What are the issues? The United States has operated for 200 years under what is called a “First to Invent” principle. The rest of the world operates under a “First to File” system, under which the fastest to file paperwork is granted the patent, regardless of whether he or she was the first to actually invent the patented product. Such a fundamental change will lead to an avalanche of incomplete applications undercutting the little guy, who doesn’t have the financial resources for multiple filings.
Traditionally and currently, those applications seeking patent protection in the United States exclusively know their discoveries will be kept secret until the patent is granted.

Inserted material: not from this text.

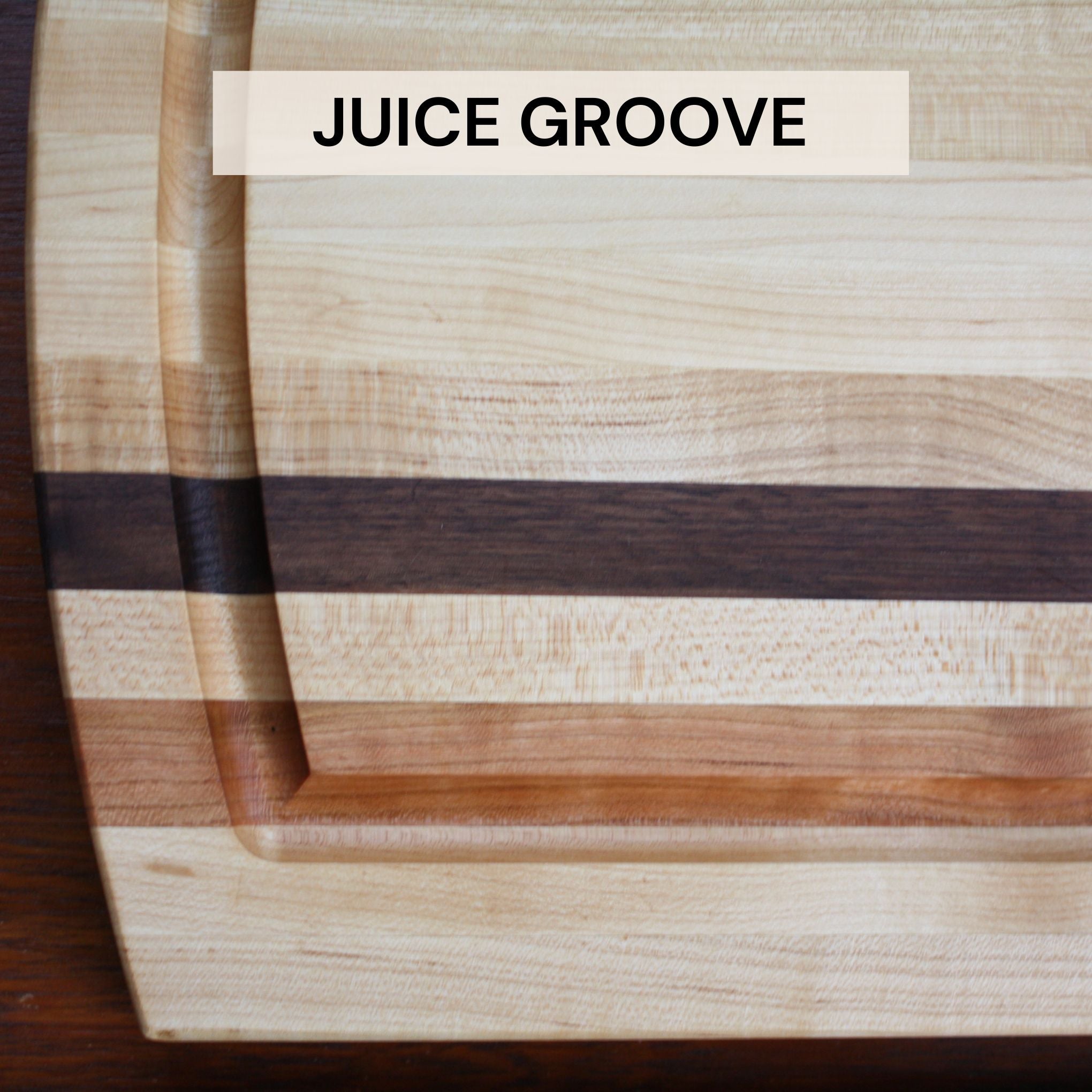 Add a juice groove to one side and it quickly becomes a two-for-one! Use it as a cutting board on the juice groove side and keep the flat side clean for charcuterie and food spreads when hosting. The Sand Hills Striped cutting boards will never let you down.

Perhaps most disturbing, H.R. 1908 requires all patent applications be made public on the Internet for anyone to view 18 months after they are filed, even if the patent has not been issued. If the corporate elite get their way, patent thieves here and in lawless countries like China will have a field day.

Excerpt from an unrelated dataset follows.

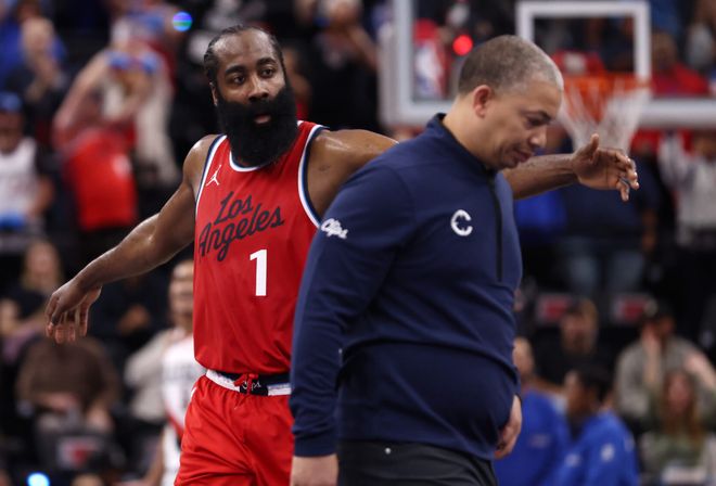 就是倫納德。首先,我們都知道泰倫盧從騎士時(shí)期起,就經(jīng)常搞“自爆戰(zhàn)術(shù)”,早早經(jīng)歷慘敗和連敗,讓球員自己發(fā)現(xiàn)問題,配合解決問題。最典型的例子就是哈登剛加盟快船時(shí)一波5連敗,把威少試出來了。理想情況下,快船的首發(fā)一定是:哈登+比爾+小卡+科林斯+祖巴茨,有了科林斯,還讓小卡去打四號位干什么?和爵士慘敗就是如此,爵士鋒線+內(nèi)線三人組,馬卡寧2米16,菲利波夫斯基2米11,凱斯勒2米18,整體比快船高一頭,指望小卡去對位馬卡寧,只有挨欺負(fù)的份。

Publishing applications is a direct shot at the small inventor, who cannot hire an army of lawyers to go after thieves who will now be handed all the details even before a patent has been issued. It should be noted that Japan, which publishes applications before patents are issued, has reported that its patent Web site receives 17,000 hits a day from China and 55,000 from Korea. Why do we want a system like that? Why do we want China to have even more access to our cutting edge technologies?
Another proposed change in H.R. 1908 is the creation of a new review process, allowing for challenges to patents that have already been granted. The leverage this would give to large companies with an array of lawyers is evident. Small inventors will be harassed and bogged down until they eventually surrender to deep-pocketed opponents.
Yes, the patent system needs to be made more efficient. Currently, the Patent Office has a backlog of 800,000 applications. It is estimated that it takes 31 months for a patent to be considered. We should look for ways to decrease this backlog and ensure that inventors have a speedy review of their applications. We need, for example, to train examiners and increase their number. We need to have greater protection against the foreign theft of our intellectual property. However, the legislation being foisted upon us, H.R. 1908, has nothing to do with fixing the system. It has everything to do with weakening the rights of the small inventor, using problems at the Patent Office as a screen to mask this power play.
Why is this happening?
The electronics industry does not want to pay royalties. That’s really the bottom line. We’ve seen this from the time RCA’s David Sarnoff ripped off Philo Farnsworth over the patent rights to the television picture tube, a fight that went all the way to the Supreme Court. In a tribute to American justice, Philo Farnsworth, the personification of the little guy, won over a corporate Goliath headed by a bully.
There is a statue of Farnsworth in our nation’s Capitol. Congress shouldn’t let the would-be technology thieves of our day change the law so the Philo Farnsworths of our era will be smashed into submission buy current and future big guys and bullies. If we change the rules like that, the American spirit of innovation will evaporate, and America, not just nerdy inventors, will lose, big time.
Rep. Dana Rohrabacher, California Republican, is a senior member on the House Science and Technology Committee.